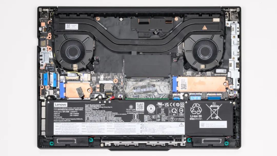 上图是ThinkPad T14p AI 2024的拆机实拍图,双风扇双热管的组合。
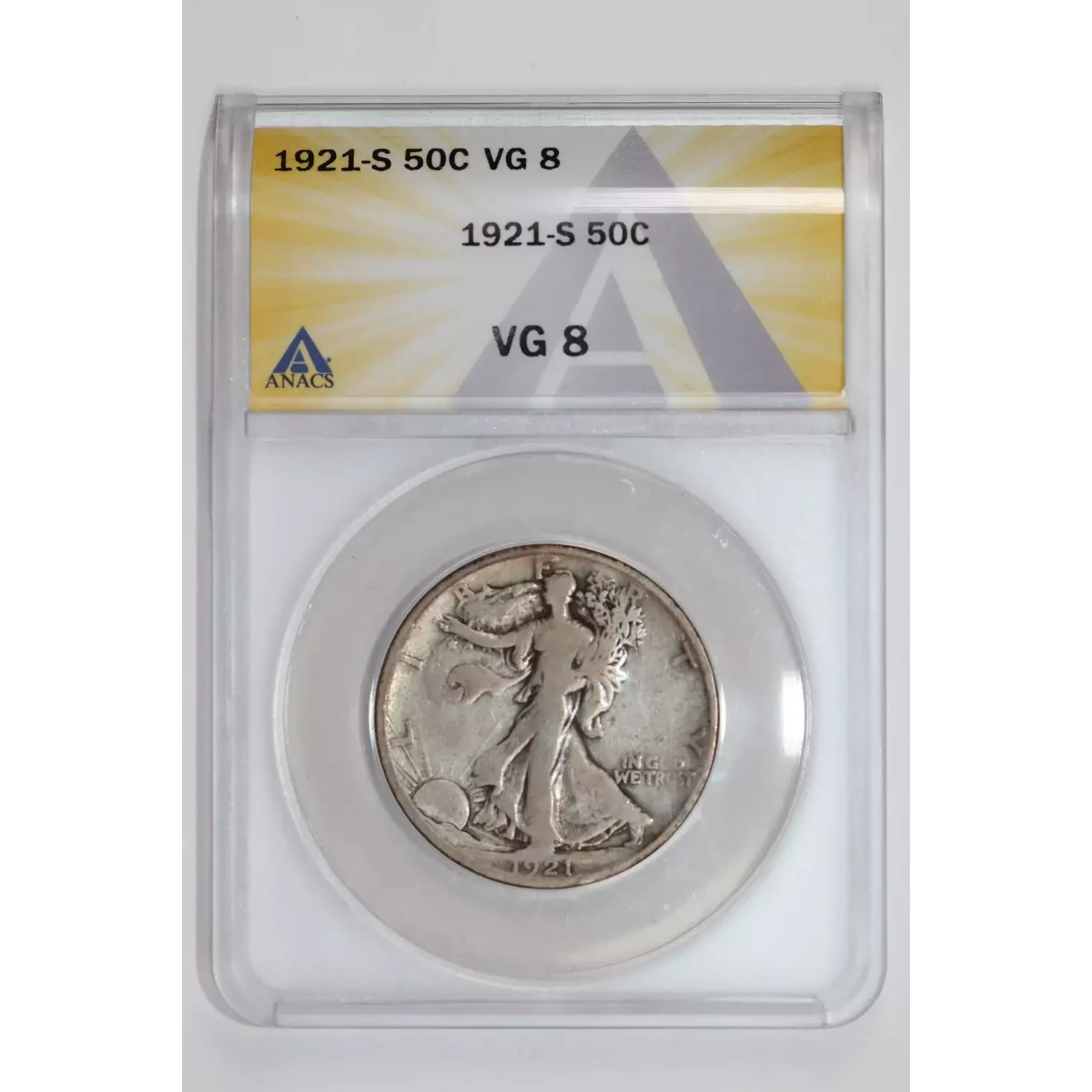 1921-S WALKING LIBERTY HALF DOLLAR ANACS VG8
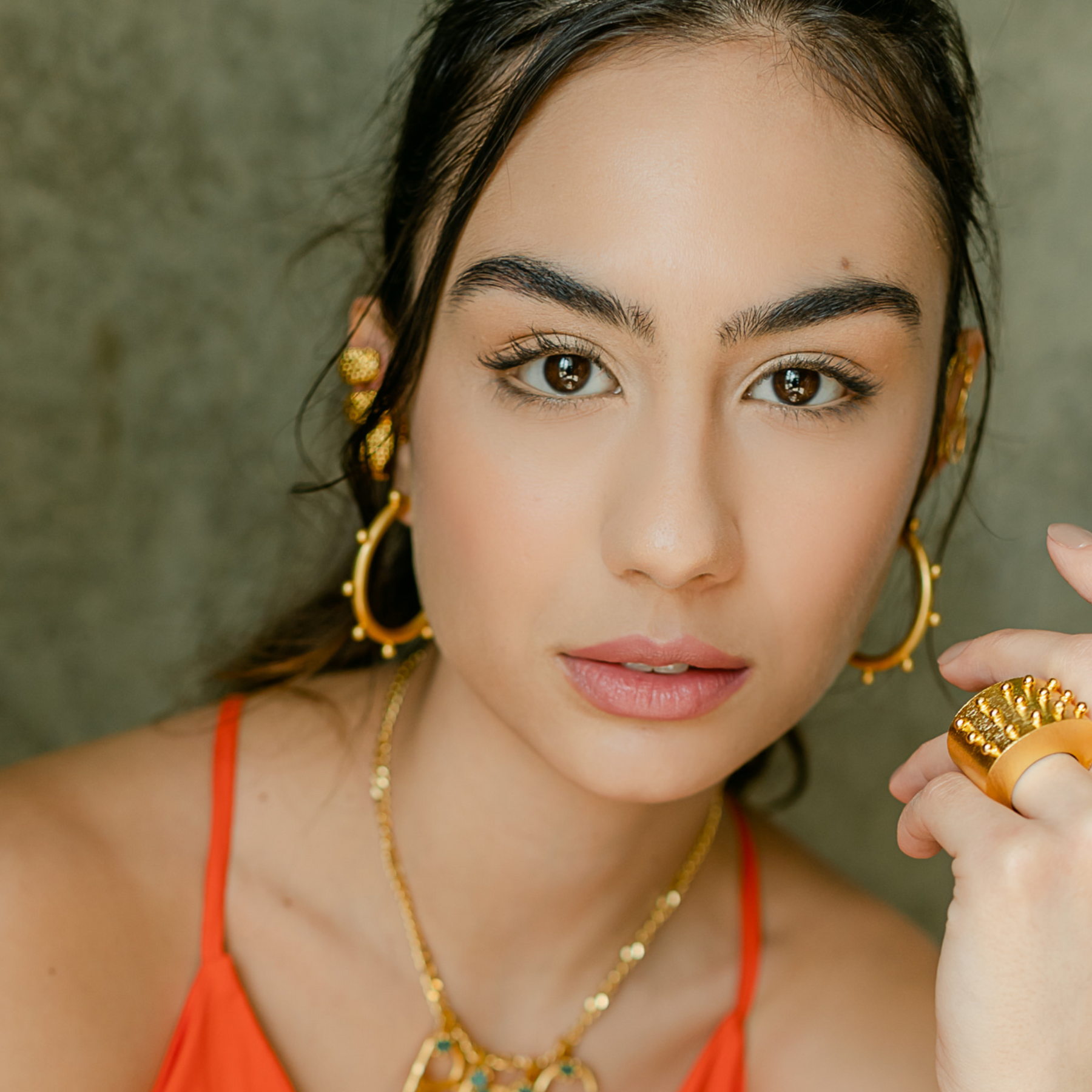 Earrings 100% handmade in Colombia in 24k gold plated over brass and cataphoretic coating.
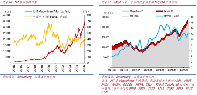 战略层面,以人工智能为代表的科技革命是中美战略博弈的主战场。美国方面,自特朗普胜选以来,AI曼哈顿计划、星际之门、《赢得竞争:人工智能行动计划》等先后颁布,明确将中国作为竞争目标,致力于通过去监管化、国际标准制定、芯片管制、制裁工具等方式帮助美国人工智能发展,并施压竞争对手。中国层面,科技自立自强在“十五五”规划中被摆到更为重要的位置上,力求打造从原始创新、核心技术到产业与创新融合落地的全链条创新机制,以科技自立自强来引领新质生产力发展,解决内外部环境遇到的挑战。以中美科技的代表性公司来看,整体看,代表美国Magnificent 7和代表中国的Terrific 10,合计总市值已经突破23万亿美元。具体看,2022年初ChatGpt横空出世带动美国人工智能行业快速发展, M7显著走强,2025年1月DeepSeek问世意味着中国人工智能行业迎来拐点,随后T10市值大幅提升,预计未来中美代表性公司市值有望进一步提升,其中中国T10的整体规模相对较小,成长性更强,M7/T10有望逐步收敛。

○ ○ ○

§ **TASK TO COMPLETE**: The lines running from the beginning of the listing above through the line that holds "Earrings 100% handmade" are to be duplicated exactly, both ends kept, pictures omitted.

§ **TASK RESPONSE**:
 上图是ThinkPad T14p AI 2024的拆机实拍图,双风扇双热管的组合。
 1921-S WALKING LIBERTY HALF DOLLAR ANACS VG8
 Earrings 100% handmade in Colombia in 24k gold plated over brass and cataphoretic coating.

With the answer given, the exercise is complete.